Data Analysis by R

Log-Linear Analysis by R

This is an example of Log-linear analysis using R. The log-linear analysis here uses glm, a library of Generalized Linear Mixed Model , rather than having a library of log-linear analysis and using it.

Example of R

Saturated model of a two-way contingency table

In this example, it is assumed that the folder "Rtest" on the C drive contains the data that is a contingency table with the name "Data.csv".

When there are two qualitative variables.

library(MASS)
setwd("C:/Rtest")
Data <- read.csv("Data.csv", header=T)
gm <- glm(Y~X1*X2, data=Data,family=poisson)
summary(gm)

By arranging the four types of data and the results in the summary, it seems easy to understand what kind of analysis was done. First of all, if there is not much difference in the values, all variables have a large P value.
No. 2 has a large P value for X1 and a small P value for X2 because the value is fixed regardless of X1. ..
No. 3 is the case where the interaction is strong, and the P value of the interaction term X1: X2 is small. This is the case when the two variables are strongly correlated .
No. 4 is the case where there is no interaction, the P value of X1 and X2 is small, and the P value of the interaction term is large.
1 loglm , 2 loglm , 3 loglm , 4 loglm ,

Saturated model of ternary contingency table

This is the case when there are three qualitative variables.

library(MASS)
setwd("C:/Rtest")
Data <- read.csv("Data.csv", header=T)
gm <- glm(Y~X1*X2*X3, data=Data,family=poisson)
summary(gm)

Since we assumed a saturated model, all variable combinations were evaluated, but there are quite a few variables with large P values. In this case, it can be said that there is no highly correlated variable combination.
loglm

Model with selected variables in the ternary contingency table

gm <- glm(Y~X1+X2, data=Data,family=poisson)
summary(gm)

The model is clean. The AIC has also become smaller, so this is a better model.
loglm

It is not limited to glm, but you can use "*" to create a model with interaction terms. For example, "X3 + X1 * X2", a model that contains a single term for each variable and an interaction term for X1 and X2.
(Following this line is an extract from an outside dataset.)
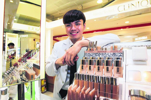 在新加坡长堤坊一楼的美容专柜员当中,华人郭铠铭(24岁)是唯一的男专柜员。(蔡婉婷 摄)

Automatic selection of variables in a ternary contingency table

If you have 3 variables and each variable has about 2 categories, you can create a saturated model and then select the variables, but if it becomes more than that, it will be quite difficult. If you add "step", the selection from the saturated model will proceed automatically.

gm <- step(glm(Y~X1*X2*X3, data=Data,family=poisson))
summary(gm)

In this case, you will end up with the same result as the model for which you selected the variables above.

Attention of input data

The contingency table of the input data does not give the result that you think it does not contain all the combinations of categories. For combinations that do not apply, it is necessary to make a contingency table with a frequency of "0".

Also, in a general contingency table, variables are distributed to rows and columns, but when performing log-linear analysis using glm as described above, the contingency table has a format in which the frequency data is in one column. need to do it.

How to make a contingency table with R that can properly contain "0" and have frequency data in one column and use it for log-linear analysis can be found on the page of Analysis of variable similarity by R.